Does it matter if you send the real data or the masking data first, if you're just going to "fail" it and resend with the other data?
"You're right," Fisheye says. "I should have set it on 'whip' or 'chop.'"
Doesn't anyone think it might be a bit obvious if your system suddenly starts re-requesting/re-sending a large number of its packets?
And, would your bandwidth not also double, if you use this and re-send one secret packet for every 'normal' packet?
Evolution - Est. 4500000000 B.C. Don't piss in the gene pool.
What happens when one of the packets actually gets corrupted?
can this somehow be used to bypass Microsoft's ISA proxy and run torrents through it when p2p is blocked??
You could transmit data over retransmission requests.. One retransmission request within 250 packages counts as a 1.. no retransmissions withing 250 packages counts as a 0. Then add an CRC on that, if the CRC doesn't match, throw it all away and resend your hidden message.

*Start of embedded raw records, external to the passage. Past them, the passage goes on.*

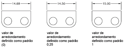 Você pode arredondar todos os valores de cota, exceto os valores das cotas angulares. Por exemplo, se você especificar um valor de arredondamento de 0.25, todas as distâncias serão arredondadas para a unidade mais próxima de 0.25. O número de dígitos exibidos depois da vírgula decimal depende da precisão definida para as unidades primária e alternativa e para os valores de tolerância lateral.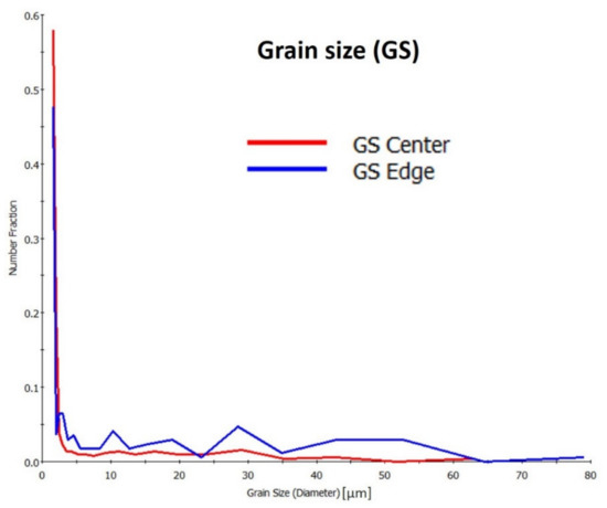 Additionally, the distribution of grain size in terms of number fraction is illustrated in Figure 7, which shows a slightly higher number fraction of ultrafine grains at the center than at the edge. On the other hand, the number fraction of large grains of the HAGBs is higher at the edge than at the center as it can be observed from the chart starting from grain size about 5 µm up 60 µm the curve of the of grain size distribution for the edge data (blue curve) is higher than that for the center data (red curve). This might reflect a slightly higher rate of recrystallization at the edge than at the center of the sample.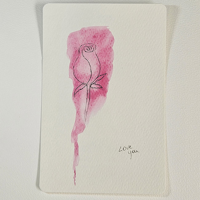 Deze handgemaakte kaart combineert fijne line art met zachte aquarelaccenten, een delicaat ontwerp dat spreekt in stilte.

This way you could stream a movie and send your data over the retransmissions, without even writing it down into the tcp stream.

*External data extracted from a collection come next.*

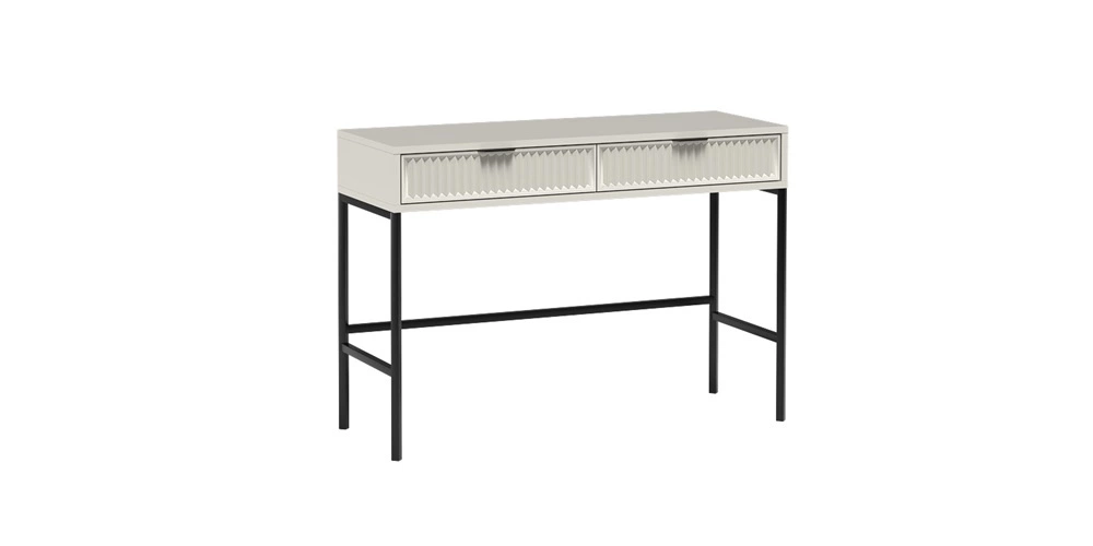 Konsola z kolekcji Linka to zachwycający mebel o szczególnym i niepowtarzalnym charakterze. Niezwykłe połączenie jasnego beżu w kaszmirowym odcieniu z geometrycznym kształtem bryły sprawia, że całość prezentuje się stylowo oraz bardzo nowocześnie. Ciekawy wzór na frontach w postaci frezowanych ryfli nadaje finezji i elegancji dodatkowo tworząc efektowną dekorację. Designerskie, metalowe uchwyty krawędziowe oraz wysoka podstawa w kolorze czarnym dodają industrialnego akcentu. Toaletka do sypialni Linka nie tylko zdobi wnętrze, ale również porządkuje i organizuje przestrzeń.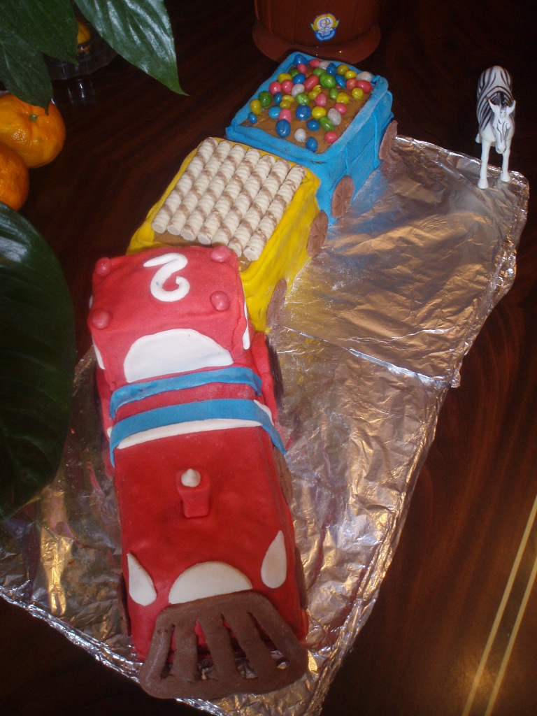 Вот . Делала знакомому малышу на ДР , не сложно совсем , у меня форма прямоугольная , испекла бисквит , разрезала на пополам , положила друг на дружку вот тебе и вагончики .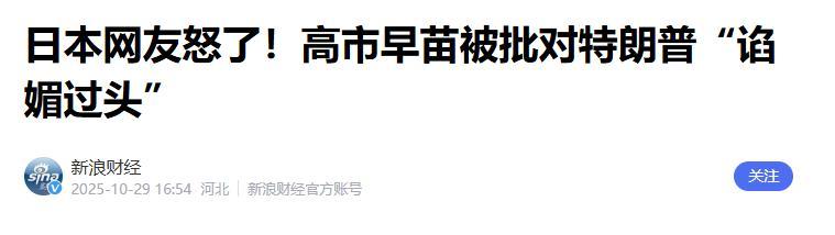 | 來源:澎湃新聞3.《日本網友怒了!高市早苗被批對特朗普“諂媚過頭”》2025-10-29 16:54 | 來源:新浪財經

This could however of course be detected, if the government know about the algorithm and searches all TCP streams for it. :-)
If you on top of this add some sort of scramble key, it would be really hard to detect that a transmissions was ongoing.. Except the fact that one user constantly suffers from bad networking
I realize that all forms of steganography are basically security through obscurity, but this one is even more inane. Unless subjected to additional protection, anyone aware of this form of steganography could easily track it, and more importantly, it would look suspicious in traffic logs (drastically increased retrans requests, but only for a small subset of the TCP connections logged). Steganography should look innocuous, in addition to hiding information, if you want it to work.
$_ = "wftedskaebjgdpjgidbsmnjgcdwatb"; tr/a-z/oh, turtleneck Phrase Jar!/; print
How does this get around censorship? The packets, even though retransmitted, is still from a blacklisted IP isn't it?
I suppose it's now critically important to know more about lost vs corrupted statistics. If it's 999/1000 lost, and 1/1000 bit corrupted, then the sudden up-tick in "corrupted" packets could be noticed.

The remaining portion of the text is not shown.